Dry fire with a primer I assume? You are just adding fouling to the area you just cleaned of fouling. Sort of defeats the purpose.


----------



## Peck (Feb 1, 2004)

I found a "special" small wire brush made by T/C for cleaning the plug. I did not know they made such a thing. It should work good. The torch tip cleaner idea scares me a little. Tip cleaners are more or less small round files. I would be concerned about making the hole bigger. My plug is stainless steel which could be easily cut with a file.


----------



## jmoser (Sep 11, 2002)

Peck said:


> I found a "special" small wire brush made by T/C for cleaning the plug. I did not know they made such a thing. It should work good. The torch tip cleaner idea scares me a little. Tip cleaners are more or less small round files. I would be concerned about making the hole bigger. My plug is stainless steel which could be easily cut with a file.

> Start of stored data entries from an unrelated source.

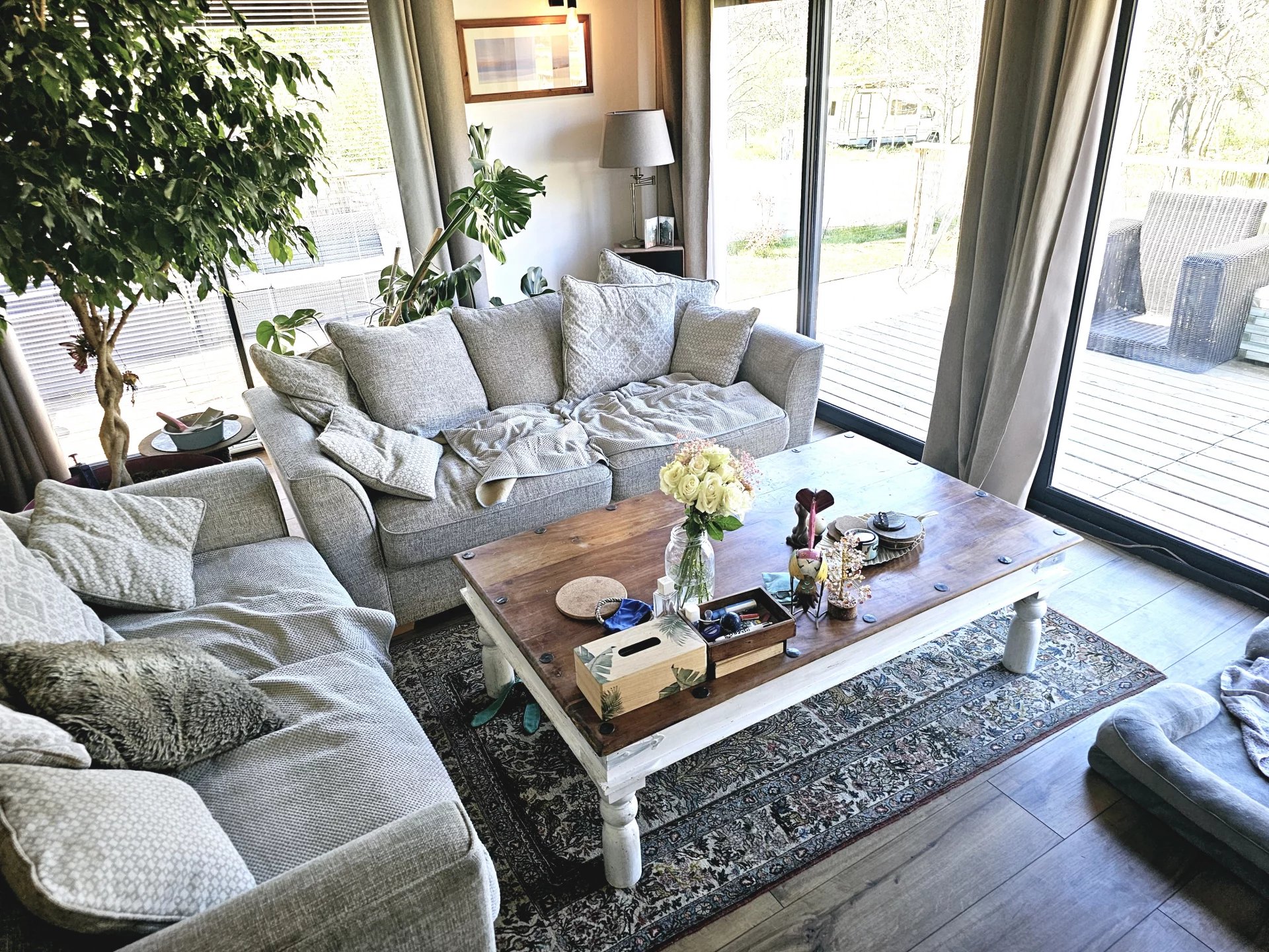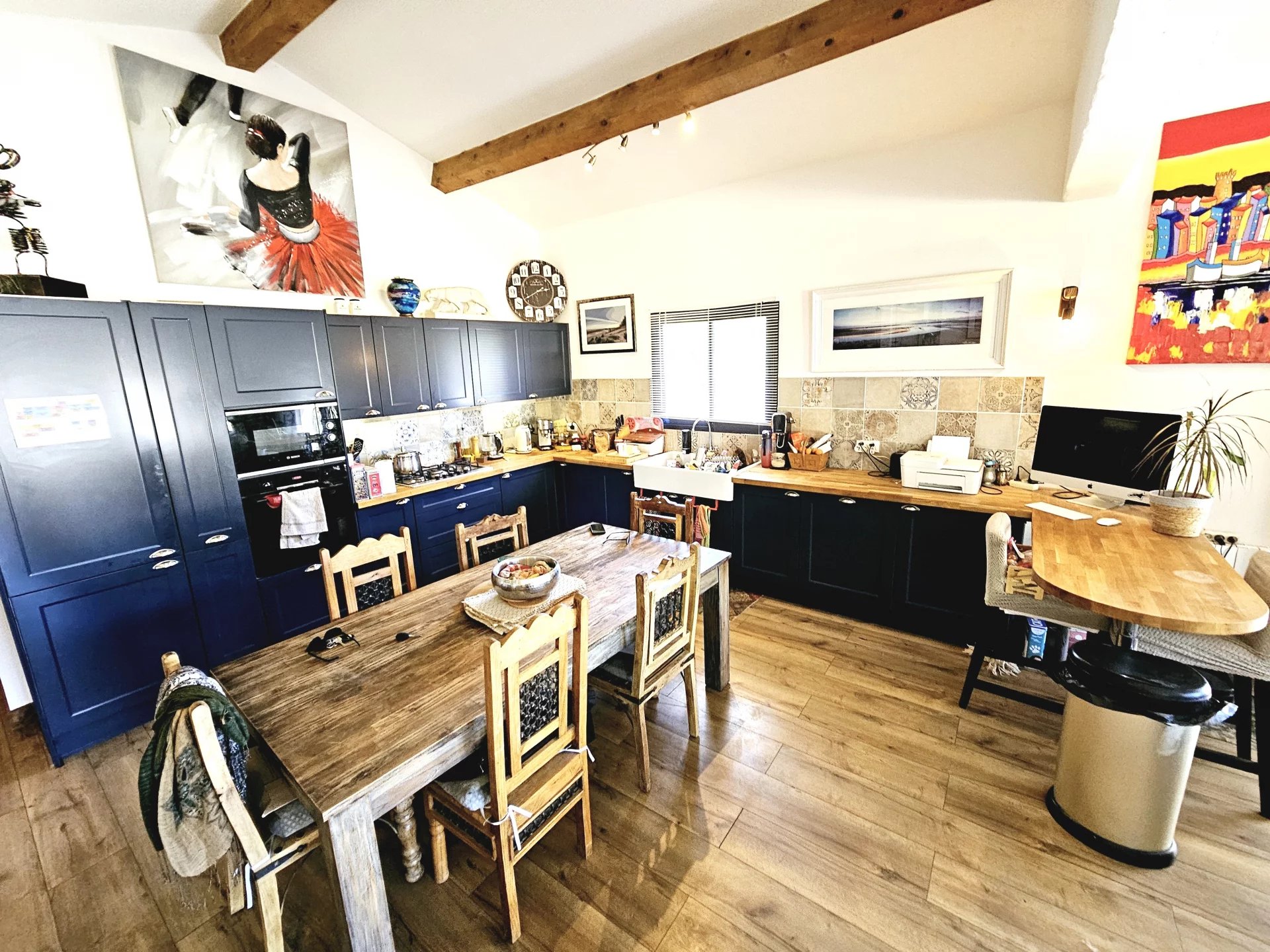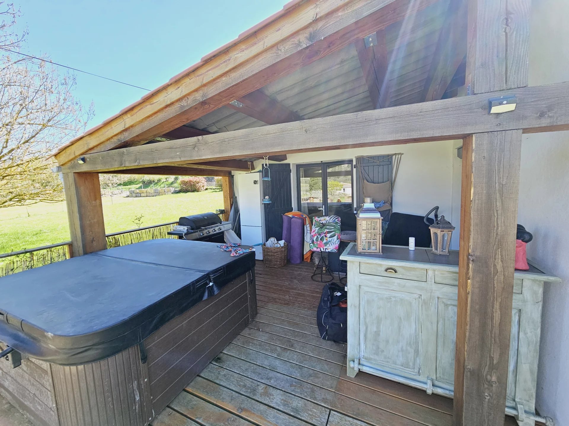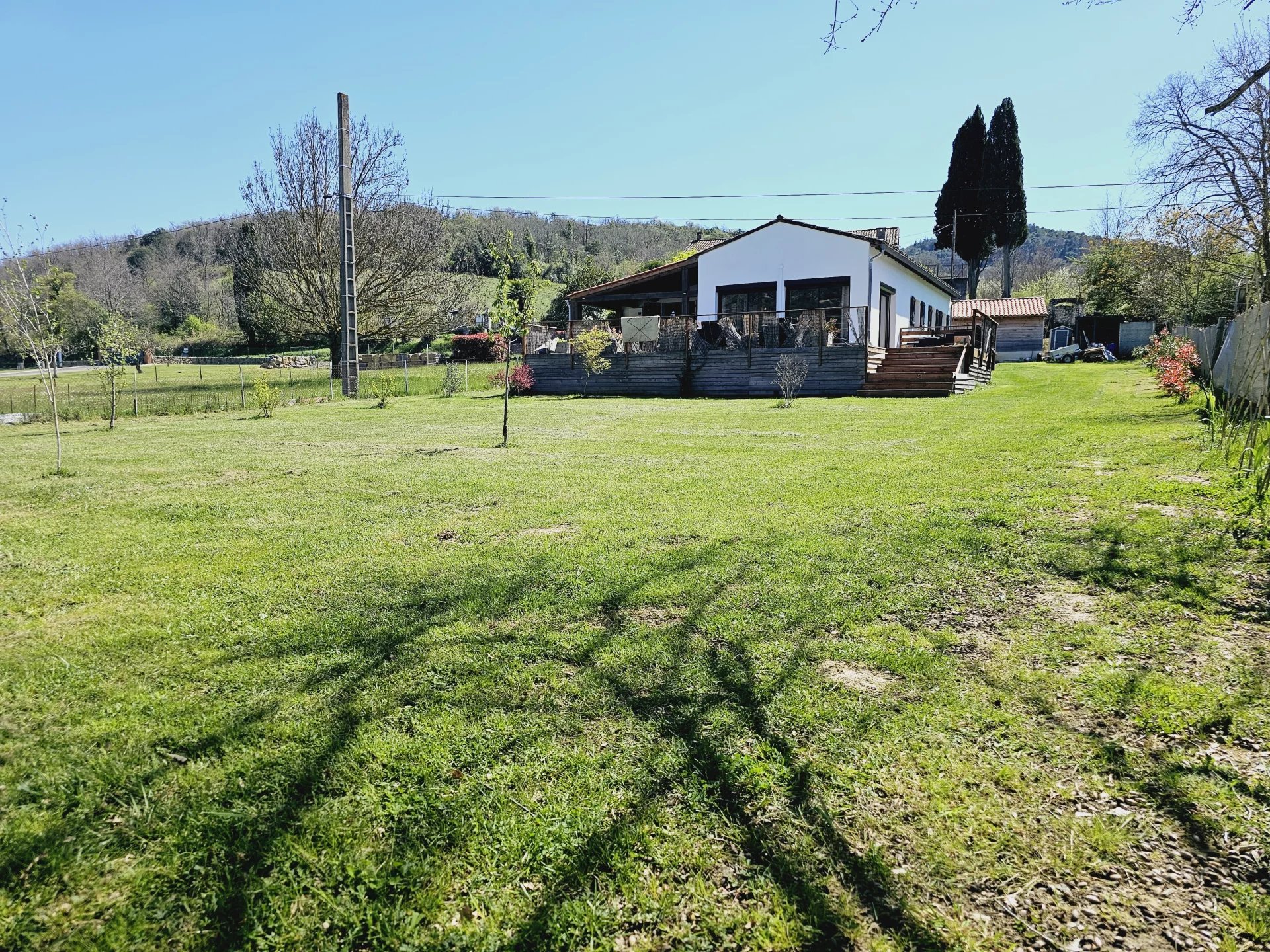 Située en bordure de Quillan, cette charmante villa offre 105,5 m² d'espace de vie spacieux, comprenant trois chambres confortables et un design contemporain élégant avec des accents rustiques. Le salon lumineux est agrémenté de poutres en bois apparentes, de grandes fenêtres coulissantes et d'une cheminée chaleureuse, créant le cadre idéal pour les réunions de famille. Les conforts modernes tels que la climatisation, le double vitrage et une connexion Internet fiable garantissent un niveau de vie élevé toute l'année. La cuisine ouverte et la salle à manger sont parfaites pour recevoir, avec un espace de comptoir suffisant et des finitions de qualité. Chaque chambre est soigneusement décorée pour maximiser la chaleur et la détente, avec beaucoup de lumière naturelle. La maison s'ouvre sans effort sur une grande terrasse extérieure, idéale pour les repas en plein air ou pour profiter de la vue sereine sur la campagne. Passez des week-ends tranquilles dans le jardin spacieux ou détendez-vous dans le jacuzzy privé après une longue journée. Le jardin clôturé, le garage et l'emplacement calme et paisible—avec de l'espace pour une maison mobile de 2/3 chambres—font de cette villa un mélange parfait de confort, de fonctionnalité et de charme. VIDÉOS DISPONIBLES SUR DEMANDE.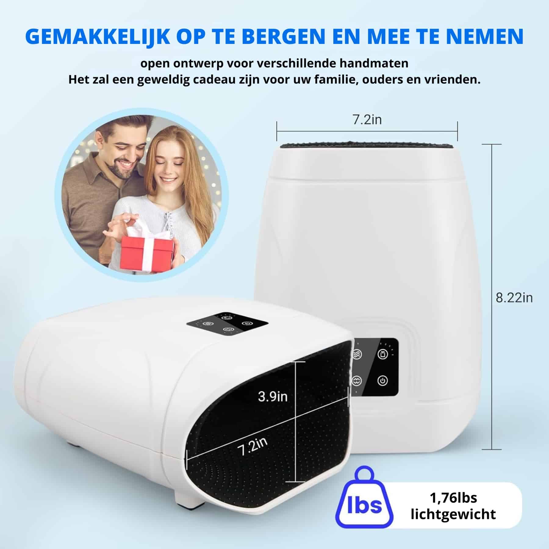 De HarmoZi past comfortabel bij de meeste handmaten dankzij het flexibele ontwerp. Het airbag systeem past zich aan verschillende handgroottes aan voor optimaal comfort en effectieve behandeling.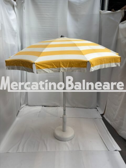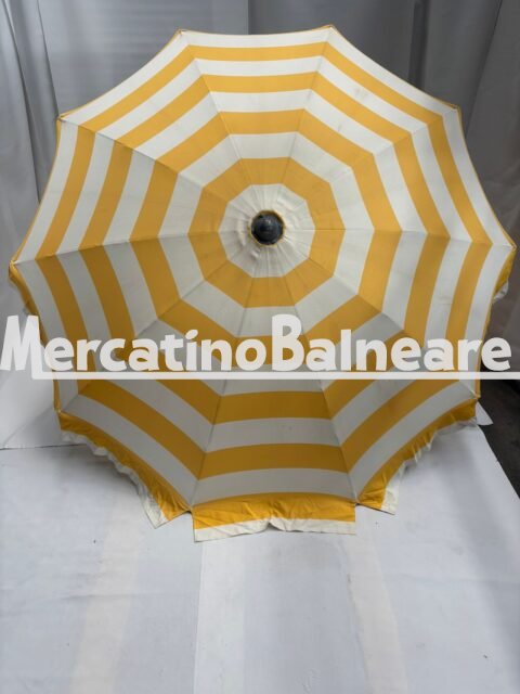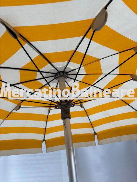 OMBRELLONE MIRO  USATO PRONTA CONSEGNA  10 STECCHE DA  100 CM  PER UN DIAMETRO DI CIRCA  200 CM STRUTTURA MODELLO TSC STECCA NERA COLLANO LEGA CON APPENDIABITI RAGNO MOLTO USATO MA FUNZIONALE PALO IN ALLUMINIO ANODIZZATO DA 40 DI CUI 9 CON FERMOVENTO SCIROCCO GLI ALTRI INVECE LISCI TESSUTO TEMPOTEST 37/1 BIANCO GIALLO RIGATO REGOLARE USATO MA FUNZIONALE PREFERIAMO LA VENDITA DI TUTTA INTERA PARTITA PER RICHIESTE DI QUANTITA’ INFERIORI CI RISERVIAMO DI VALUTARLE Vendibili singolarmente Prezzo franco fabbrica escluso della parte inferiore

I agree - nothing abrasive as you will enlarge the hole. I match the wire gauge drill to the clean flash hole dia - it cuts only the carbon but won't enlarge the hole with gentle finger turning only as the bit is a couple .001"s smaller than the hole.


----------



## WALLDADY (Feb 3, 2002)

I have been told that when you are done cleaning the breach plug , nipple , barrel , that you should always fire off a cap . No matter how much you try , or with what , there is always a slight bit of moisture residue . The fired cap eliminates that . Before I load my gun , after its been sitting around or in the cabinet for a while , I always snap off a cap . Just in case of any moisture in the breach or barrel .

Good Luck and Safe Trips ,,,,,,,,,,,,,,,,,,,,,,,,,, Walldady


----------